From literature to biodiversity data: mining arthropod organismal and ecological traits with machine learning
Listed in
This article is not in any list yet, why not save it to one of your lists.Abstract
The fields of taxonomy and biodiversity research have witnessed an exponential growth in published literature. This vast corpus of articles holds information on the diverse biological traits of organisms and their ecologies. However, access to and extraction of relevant data from this extensive resource remain challenging. Advances in text and data mining (TDM) and Natural Language Processing (NLP) techniques offer new opportunities for liberating such information from the literature. Testing and using such approaches to annotate articles in machine actionable formats is therefore necessary to enable the exploitation of existing knowledge in new biology, ecology, and evolution research. Here we explore the potential of these methods to annotate and extract organismal and ecological trait data for the most diverse animal group on Earth, the arthropods. The article processing workflow uses manually curated trait dictionaries with trained NLP models to perform labelling of entities and relationships of thousands of articles.
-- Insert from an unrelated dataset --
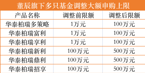 具体来看,主动权益基金中的华泰柏瑞多策略基金自2023年9月18日起,大额申购(含转换转入、定期定额投资)业务限制金额由1万元调整为100万元。

A subset of manually annotated documents facilitated the formal evaluation of the performance of the workflow in terms of entity recognition and normalisation, and relationship extraction, highlighting several important technical challenges. The results are made available to the scientific community through an interactive web tool and queryable resource, the ArTraDB Arthropod Trait Database. These methodological explorations provide a framework that could be extended beyond the arthropods, where TDM and NLP approaches applied to the taxonomy and biodiversity literature will greatly facilitate data synthesis studies and literature reviews, the identification of knowledge gaps and biases, as well as the data-informed investigation of ecological and evolutionary trends and patterns.